In Mobile Cloud Computing, the simple components are:

  • Mobile Devices: Devices (smartphones, IoT devices), which generate tasks needing the computation or storage.
  • Cloud Server/Edge Node: The remote cloud or closest edge node in which mobile devices offload tasks.
  • Network Communication: The communication path among the mobile devices and cloud servers, normally through Wi-Fi, LTE, or 5G networks.
  • Task Offloading: The process in which mobile devices are transmit tasks to be calculated by the cloud, edge node, or another powerful resource.
  1. Set Up the MCC Network Topology in NED

In the NED file, we describe the mobile devices, access points (Wi-Fi or LTE), and cloud servers. The following is an instance for a simple MCC scenario:

network MCC_Network

{

submodules:

mobileDevice1: WirelessHost;

mobileDevice2: WirelessHost;

accessPoint: Ieee80211AccessPoint;  // Wi-Fi access point

cloudServer: StandardHost;         // Cloud server to offload tasks

connections:

mobileDevice1.wlanNic <–> Ieee80211Link <–> accessPoint.wlan;

mobileDevice2.wlanNic <–> Ieee80211Link <–> accessPoint.wlan;

accessPoint.ethg++ <–> EthLink <–> cloudServer.ethg++;

}

  • WirelessHost: Denotes mobile devices, which connect through wireless (Wi-Fi/LTE).
  • Ieee80211AccessPoint: Signifies the Wi-Fi access point that connects mobile devices to the cloud server.
  • StandardHost: Denotes the cloud server or edge node.
  1. Configure Network Communication and Task Offloading in INI File

The .ini file describes the metrics for communication protocols, task offloading strategies, and network settings. Instance configuration for Wi-Fi communication and offloading tasks from mobile devices to the cloud:

[General]

network = MCC_Network

sim-time-limit = 300s

# Wi-Fi access point and communication settings

*.accessPoint.wlan.radio.transmitter.power = 50mW

*.mobileDevice1.wlanNic.radio.transmitter.power = 20mW

*.mobileDevice2.wlanNic.radio.transmitter.power = 20mW

# Task offloading application on mobile devices

*.mobileDevice1.numApps = 1

*.mobileDevice1.app[0].typename = “TaskOffloadingApp”

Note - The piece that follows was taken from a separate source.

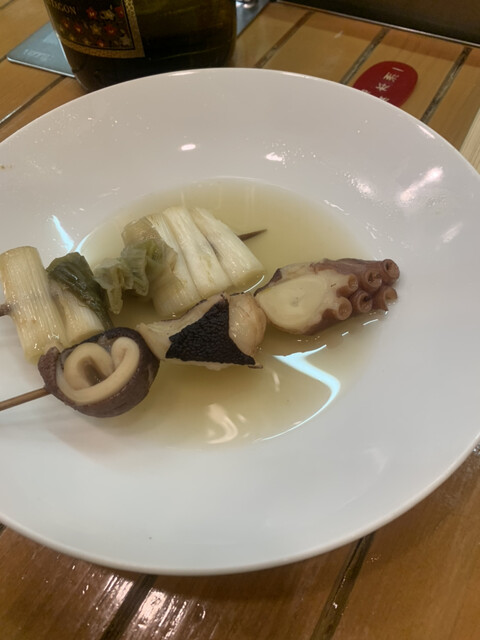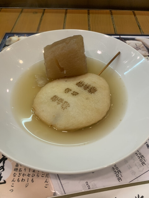 まず出汁は魚介系風味の出汁であっさり余計なものが入ってない自然な味わいな感じで無茶苦茶うまい、これにタコや練り物、大根に丸天を出汁と絡めて食べた。色々と煮崩れすぎてないちょうどいい皆が歯ごたえがある。優しくこれぞ素材を100パー生かしたものたちだと感じました。感服しました。ナスは味噌につけて食べました。味噌は濃ゆい奥深い味でこれはこれで少し食べる分には美味い。
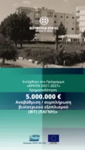 Η δράση, συνολικού προϋπολογισμού 5.000.000 ευρώ, χρηματοδοτείται από το Ευρωπαϊκό Ταμείο Περιφερειακής Ανάπτυξης (ΕΤΠΑ) στο πλαίσιο του Προγράμματος «Κρήτη» 2021-2027.

*.mobileDevice1.app[0].destAddresses = “cloudServer”

*.mobileDevice1.app[0].taskSize = 500KB

*.mobileDevice1.app[0].taskDeadline = 10s

*.mobileDevice2.numApps = 1

*.mobileDevice2.app[0].typename = “TaskOffloadingApp”

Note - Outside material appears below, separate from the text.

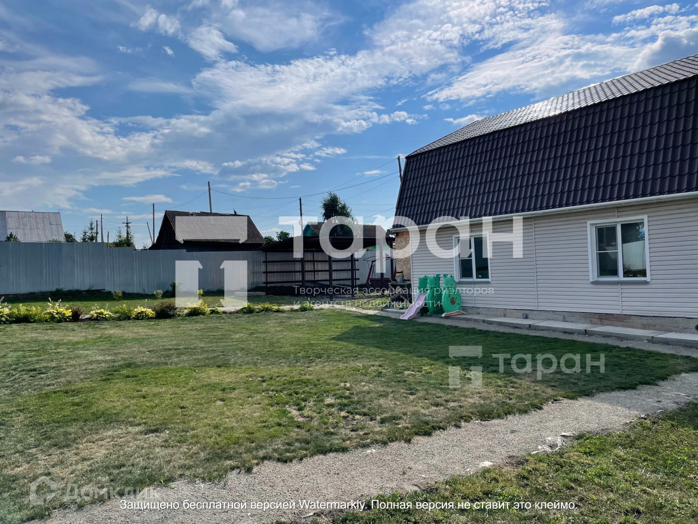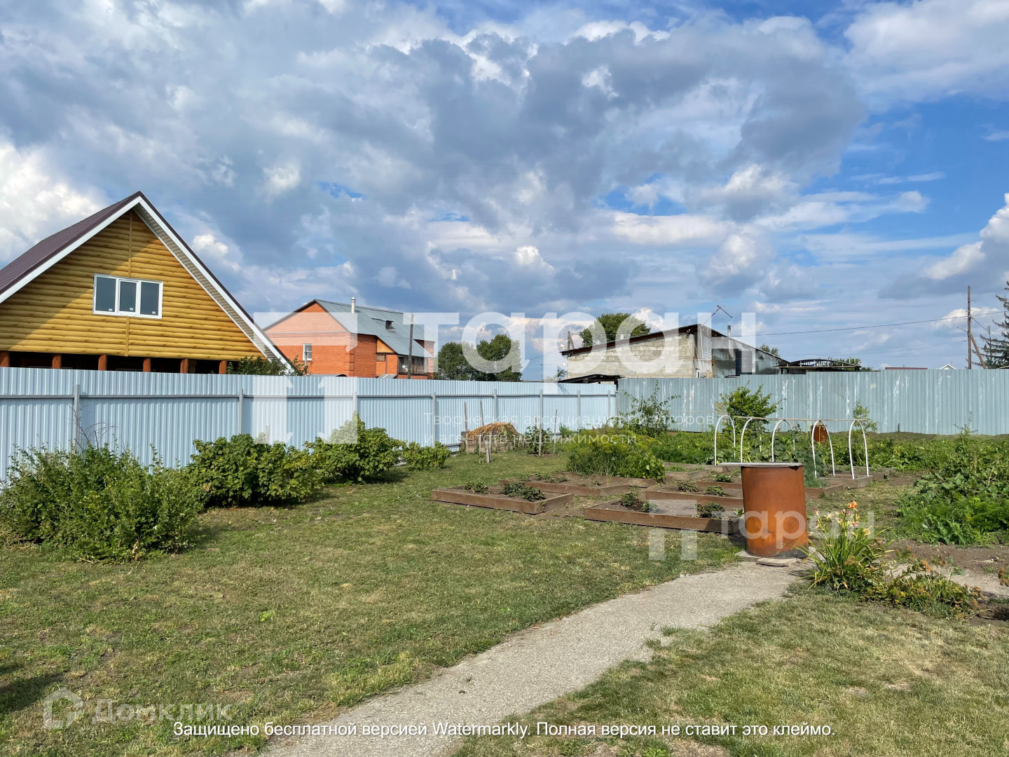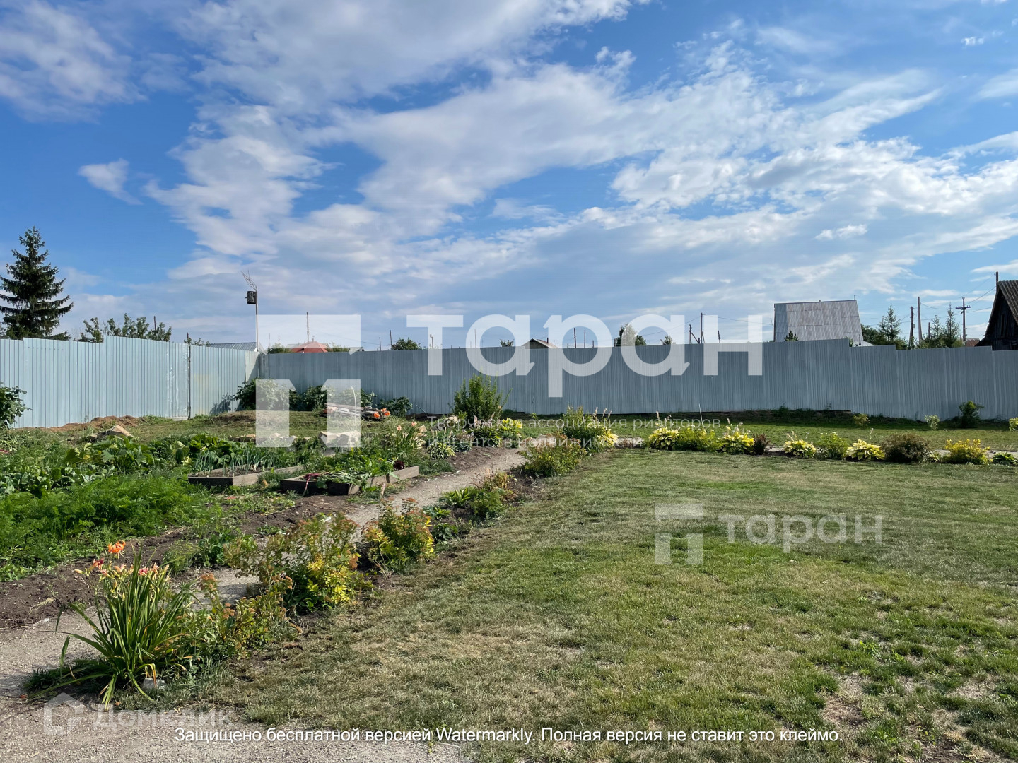 На участке плодородная земля, высажены деревья и ягодные кустарники, есть газон на котором отлично играть и отдыхать.

*.mobileDevice2.app[0].destAddresses = “cloudServer”

*.mobileDevice2.app[0].taskSize = 1MB

*.mobileDevice2.app[0].taskDeadline = 15s

  • TaskOffloadingApp: Custom application which replicates offloading tasks from mobile devices to the cloud server.
  • taskSize: Size of the task to be offloaded (in KB or MB).
  • taskDeadline: The deadline for the task completion.
  1. Implement Task Offloading Logic

In the TaskOffloadingApp module, we can mimic the task offloading mechanism in which mobile devices are transmit computationally intensive tasks to the cloud server.

Example pseudocode for offloading logic:

void TaskOffloadingApp::offloadTask() {

cPacket *taskPacket = new cPacket(“OffloadingTask”);

taskPacket->setByteLength(taskSize);

send(taskPacket, “out”);  // Send task to cloud server

}

void TaskOffloadingApp::handleTaskResponse(cMessage *msg) {

// Process the result returned by the cloud server

EV << “Received task result from cloud server\n”;

delete msg;

}

  • offloadTask(): Mimics transmitting a task to the cloud server for processing.
  • handleTaskResponse(): Processes the outcomes when the cloud server returns it.
  1. Simulate LTE/5G Communication for MCC (Optional)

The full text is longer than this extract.